Observations on conservation
With 1.3 million new dwellings planned there, the south-east of England is the region set to be changed most by the government's huge housebuilding programme. And that is where the scheme has encountered an unexpected obstacle. The resistance comes not from nimbyish householders but from birds - Dartford warblers, nightjars and woodlarks, to be precise, all of them threatened and all of them backed by the might of the European Union.
To safeguard threatened birds, the EU requires the creation of Special Protection Areas (SPAs). These are overseen in England by English Nature, which has imposed a revolutionary regime to protect these three species at an SPA near Guildford, in Surrey.
Not only has English Nature banned development within the SPA, but it has also demanded a "cordon sanitaire" around it, within which any development must be accompanied by the creation of green open spaces. As a result, plans for 40,000 houses have been put immediately at risk.

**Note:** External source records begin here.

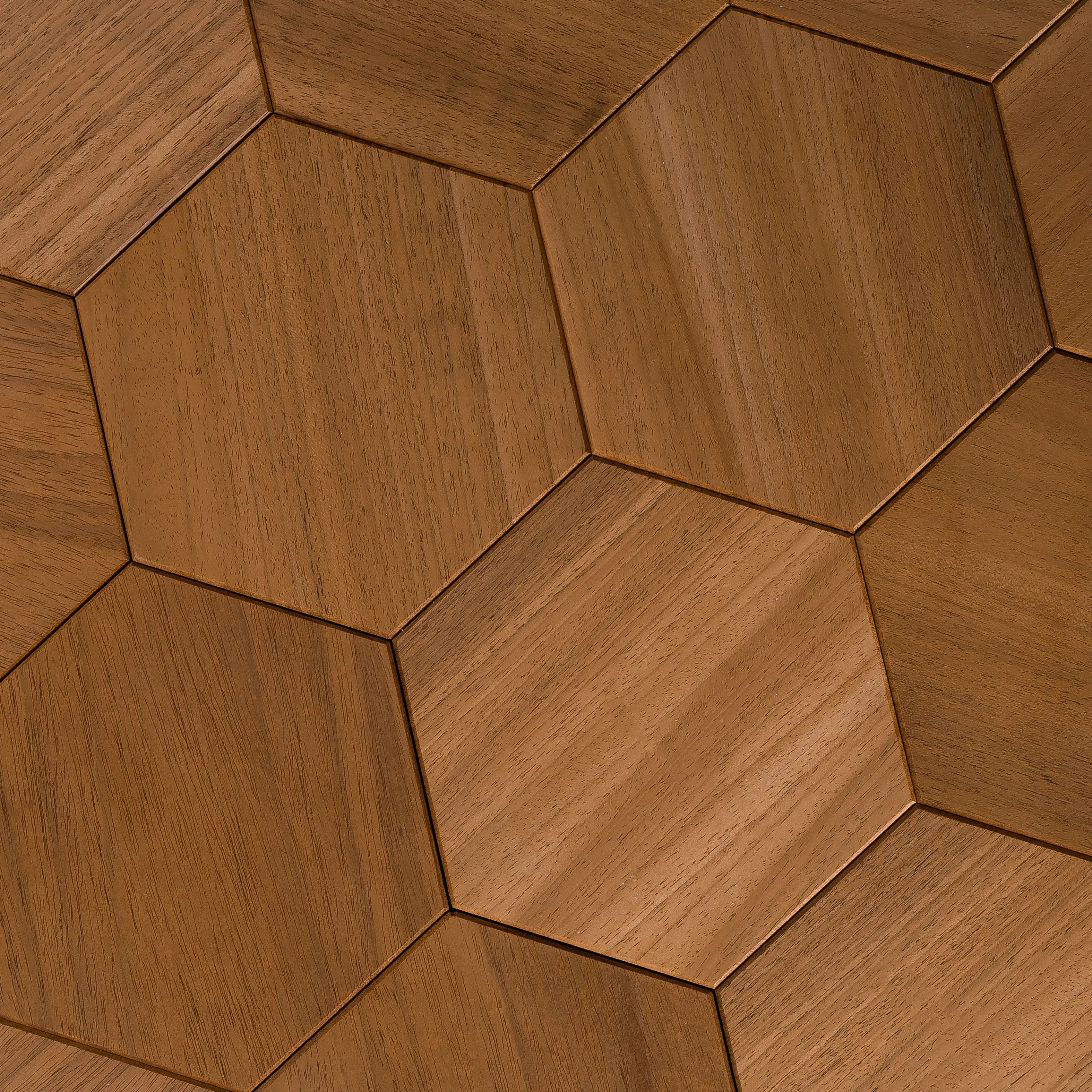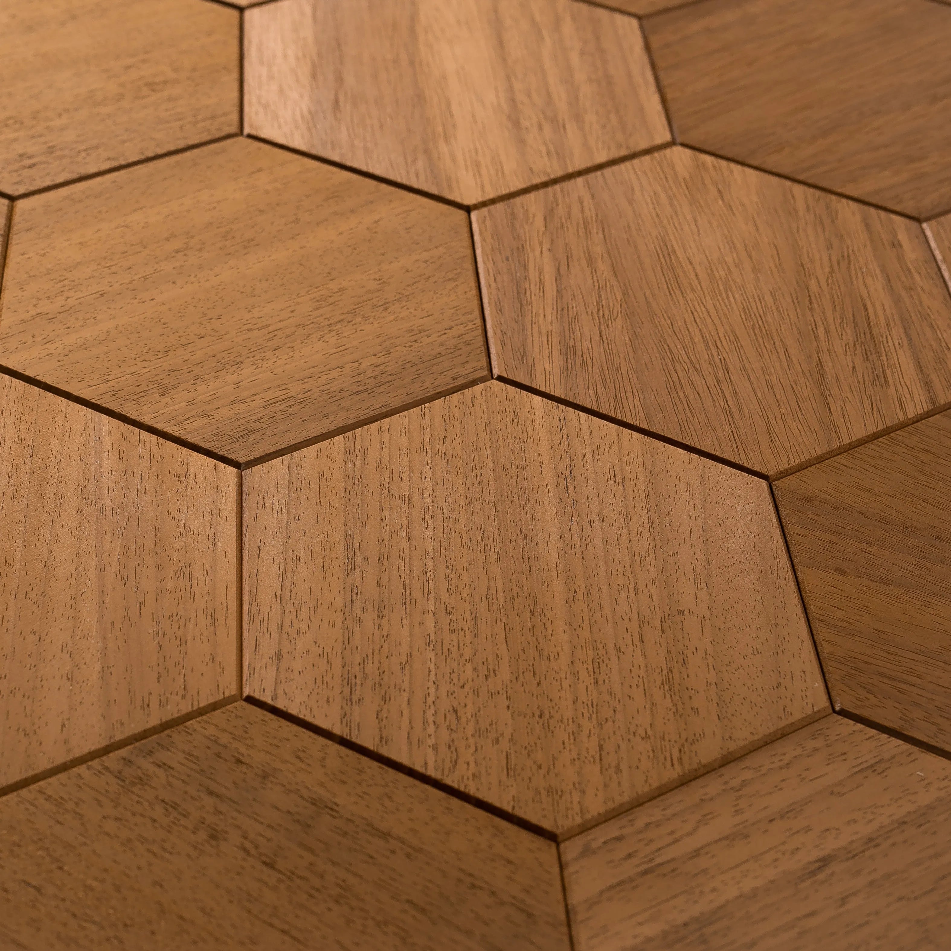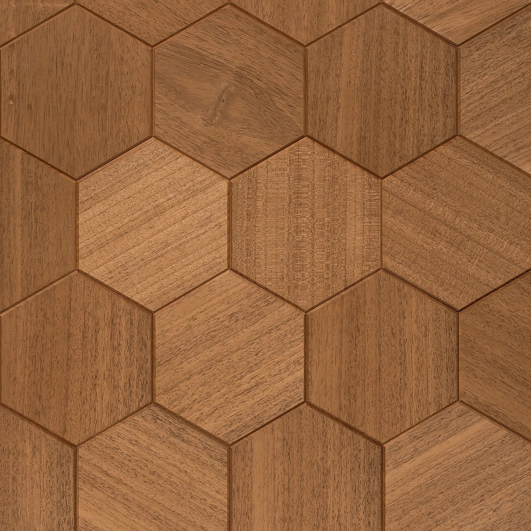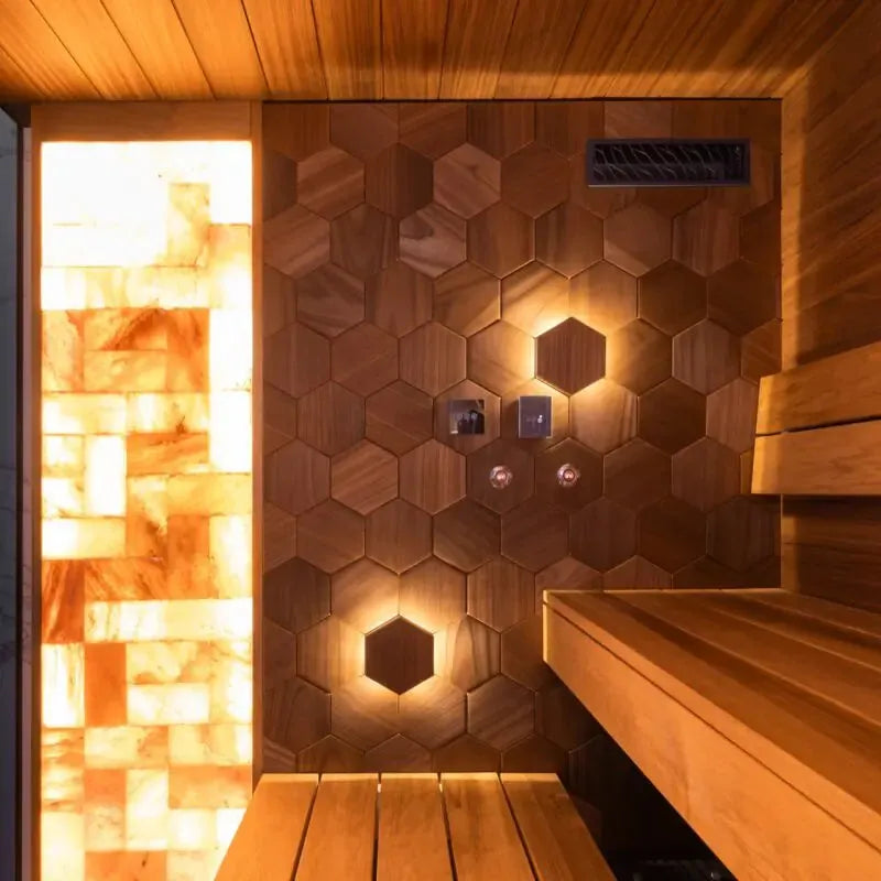 Hexa XL väggpaneler är högkvalitativa dekorativa paneler tillverkade av DecNord. De är tillverkade av premiumabachiträ och är speciellt utformade för att förbättra estetiken i bastur och andra inomhusutrymmen. Panelerna är formade som vanliga hexagoner, vilket skapar ett elegant och modernt utseende som enkelt kompletterar interiören.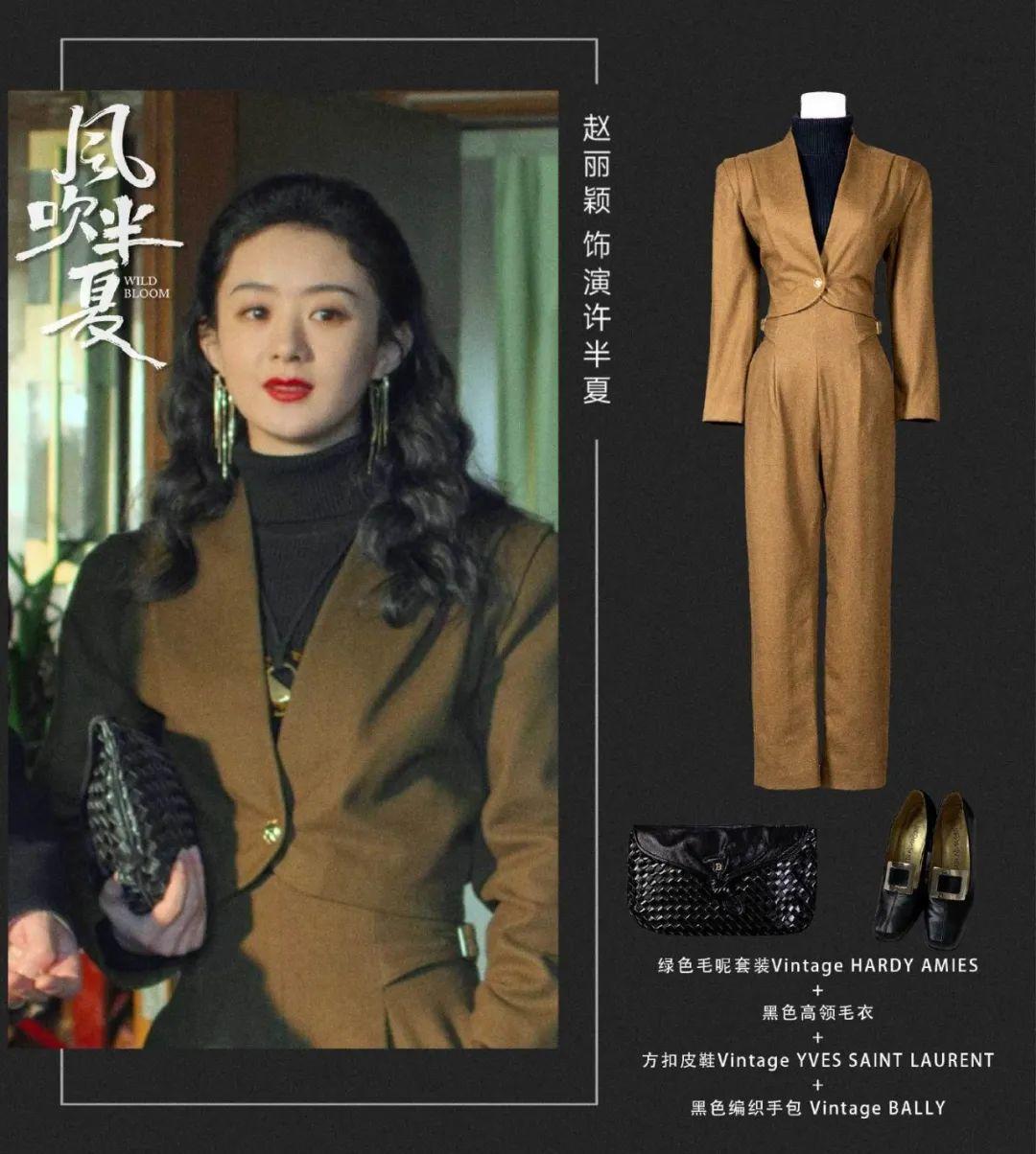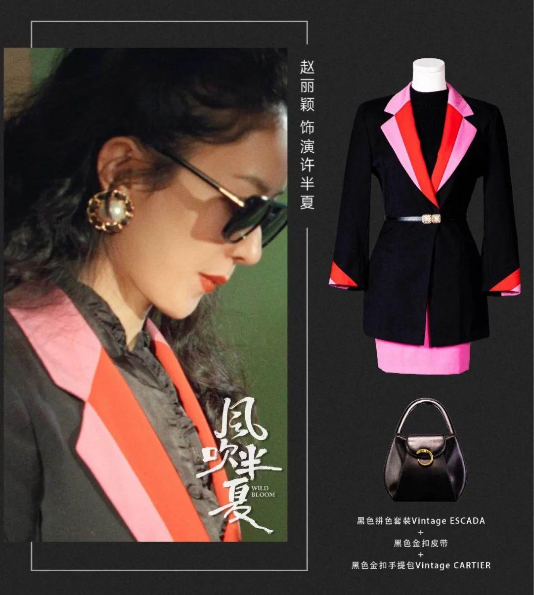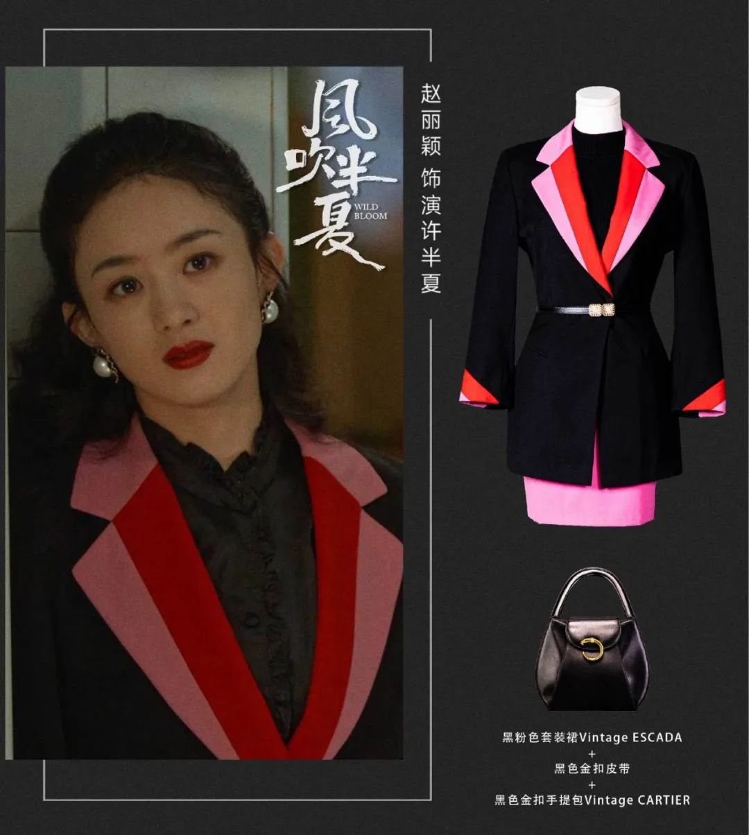 赵丽颖在电视剧里个体户早期造型都很张扬,几乎都是大色块西装,像是鲜艳的盔甲。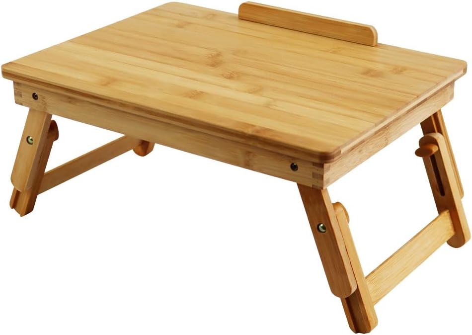 Bamboo Laptop Desk with Folding Legs Tilting Surface Workstation Wood Color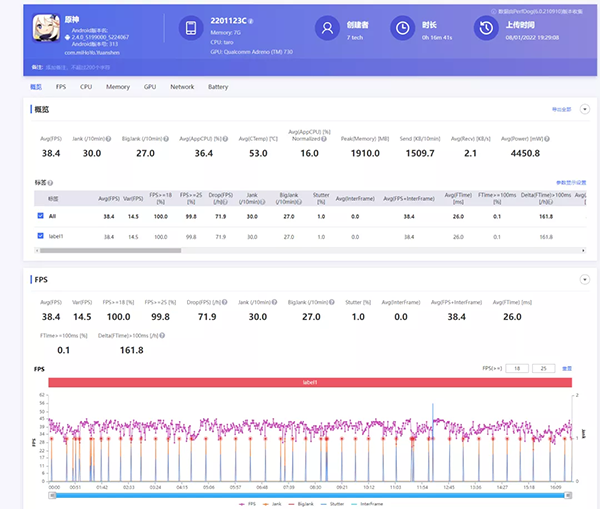 最后是原神,說出來(lái)大家可能不信。小米12在均衡模式下原神被限制到了30FPS,開啟性能模式后才有40FPS,運(yùn)行15分鐘后的平均幀率為38.4FPS。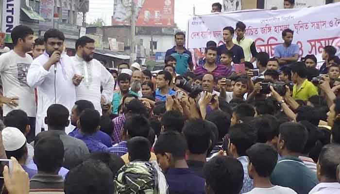 বিকাল সাড়ে ৪টায় শহরের জামরুলতলা থেকে বিক্ষোভ মিছিলটি বের হয়ে সারা শহর প্রদক্ষিণ করে। পরে ভায়নার মোড় স্বাধীনতা স্কয়ারে অনুষ্ঠিত সমাবেশে বক্তব্য রাখেন যুব নেতা আশরাফুজ্জামান হিসাম, এ্যাড. মইনুল হোসেন পলাশ, ইউপি চেয়ারম্যান আবদুল হাই, রফিকুল ইসলাম, শেখ রাসেল শিশু কিশোর ক্রিড়া চক্রের সাধারন সম্পাদক মীর রাশেদুল ইসলাম সুমন, নাজমুল হাসান জেনটেল, জেলা ছাত্রলীগের সাধারণ সম্পাদক মীর মেহেদি হাসান রুবেলসহ আরো অনেকে।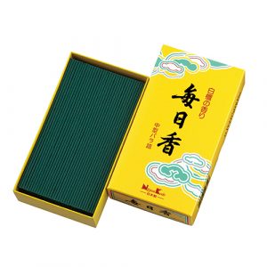明るい黄色のパッケージでおなじみの「毎日香 中型バラ詰」は、日本を代表するお線香の代名詞。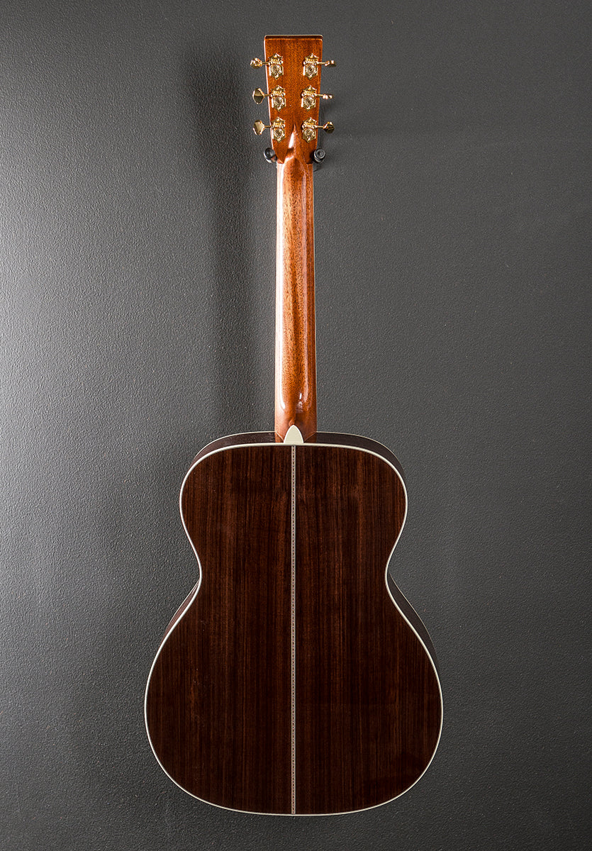 Natural, Gloss top/body and neck finish, 000-14 Fret body shape, Solid Spruce top, Abalone with multi-stripe Rosette, Golden Era scalloped X bracing, Solid East Indian Rosewood back and sides, Antique White binding with the Abalone top w/multi-stripe top/back/side inlay, Style 45 with black stripe back purfling, Golden Era modified low oval w/high performance taper shaped Mahogany neck, Bound Ebony fingerboard with the Abalone Style 45 Snowflake position markers, 24.9” scale length, 1 3/4” nut width, Grover open gear tuners, With hardshell case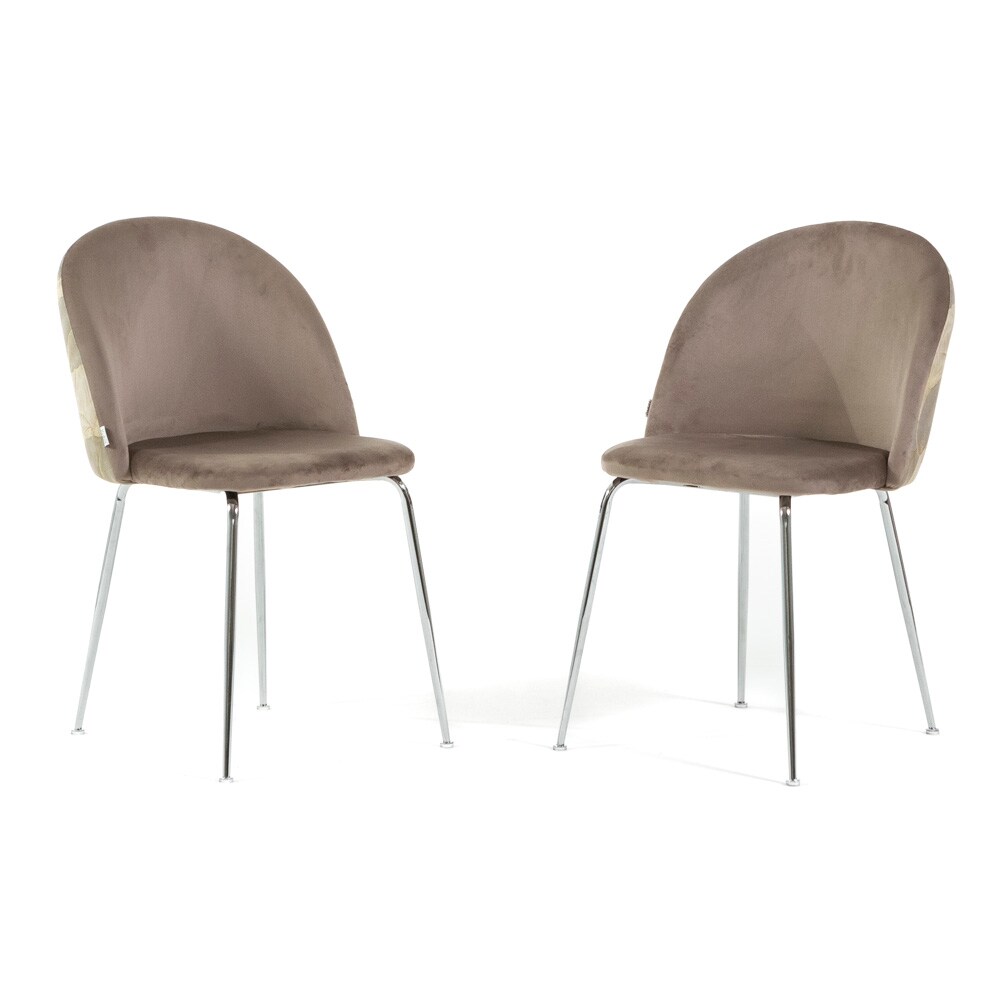 RATTATAN Set aus 2 Innenstühlen aus dekorativem Samt mit Metallbeinen, elegantes Design für Küche, Esszimmer, Bar und Restaurant – Sara – Taupe/Silber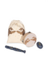 Set of instruments for the tiny musician. Comes in a drawstring cotton bag and contains: A tambourine, a rattle egg, a flute Claves. This product is made of FSC™-certified beech wood. Features a cute tigers design.

In an already heavily populated area, it argues, visits by people living in additional new housing - dog-walkers, kite-flyers, picnickers and the like - would place too much pressure on the SPA's vulnerable wildlife. The agency wants to see new recreation areas set up to divert newcomers to places where they will do less harm.
The impact on building plans is likely to be substantial, because developers may find the costs and complications prohibitive, yet if the government tries to overrule English Nature it could find itself before the European Court.
For a densely populated region, south-east England contains a surprising proportion of Europe's scarce heathland, downland, ancient woodland and estuarine habitat. Even its "brownfield" former industrial sites harbour invertebrates scarce elsewhere. The area consequently plays host to a further 17 SPAs, plus 55 Special Areas of Conservation (for wildlife other than birds), which enjoy an equal level of Euro-backing.
As housebuilding increases pressure on the region's wildlife, English Nature may feel obliged to create ever more zones of control around protected wildlife sites and to put in place perhaps even tougher checks on development.
Water scarcity and flood risk already offer important obstacles to the government's housing plans, but it is the Dartford warbler and his friends, backed by Europe's commitment to biodiversity, that may prove the most effective impediment.